Preparation of drugs serous fluid for microscopic examination

Preparations for microscopic examination prepared as of sludge, and of fibrinous clots or clots and shreds. After settling of serous fluid for 1-2 hours a glass tube collected sediment centrifugation (as in examination of urine). When large amounts of fluid collected precipitate several centrifuge tubes (to 10), centrifuged for 5-10 minutes at 1500-3000 / min, after which all the precipitates obtained is poured into a test tube and centrifuged again.

The result is a concentrated precipitate, which is prepared from native preparations for microscopic examination. In the presence of fluid in the fibrinous clots and shreds in the analysis describe the number and volume. Convolution and scraps recovered from the liquid in a Petri dish, and then with a spatula, and a needle is cleaved from their pieces for the preparation of native products. If the parcel adheres to the glass, it is necessary to stretch the needle and spatula. Otherwise, it turns thick drug, not suitable for microscopic examination (cells it will be indistinguishable).
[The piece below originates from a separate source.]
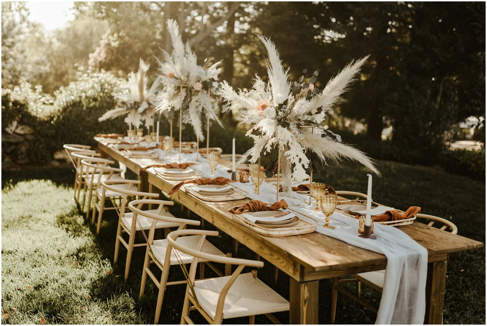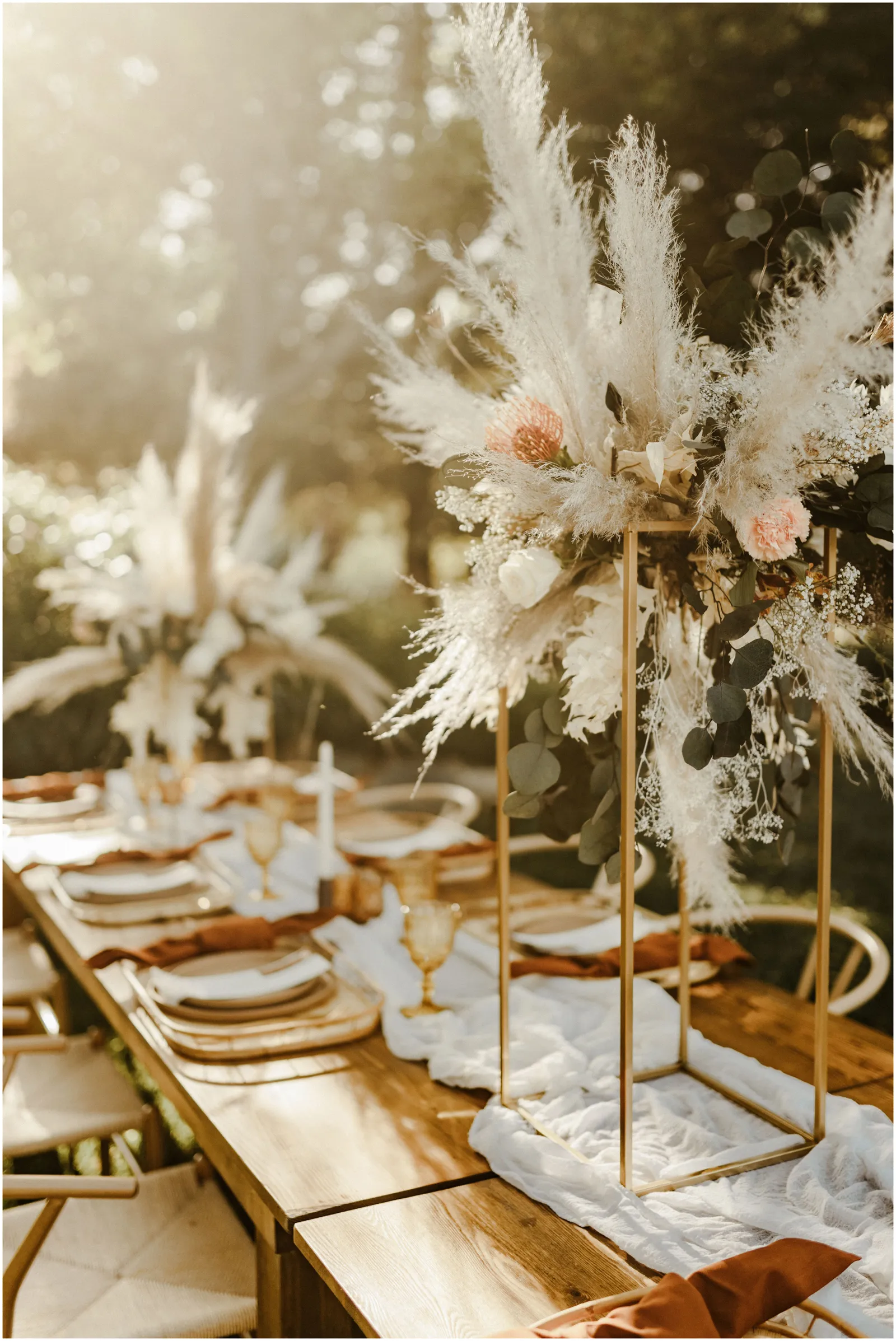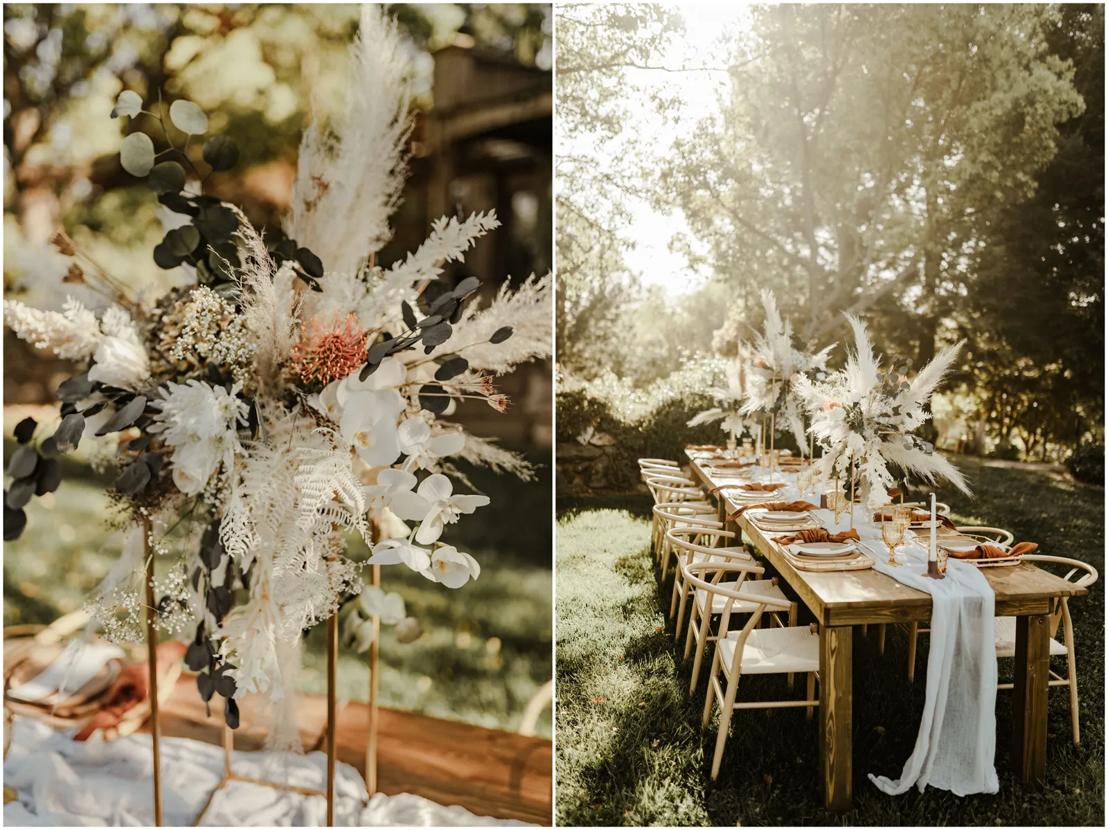 For this styled shoot, we really wanted to focus on an attainable and trendy vibe. We wanted it to be natural, rustic and chic. The mixture of dried florals, rattan elements, macrame and gold accents really made our vision come to life.

After microscopic examination of native specimens were stained with Romanovsky or Pappenheim no more 5 m. In the presence of serous fluid pus, clots and shreds of sediment smears are prepared and stained by Ziehl-Nelsenu and Gram.

During the cytological diagnosis you need to know, taken from the material under test, manner in which it was obtained, presumptive clinical diagnosis, as well as having information about, whether the patient was exposed to radiation therapy and chemotherapy, or other interventions, which could injure the serous membranes, and cause destructive and degenerative changes in the cells.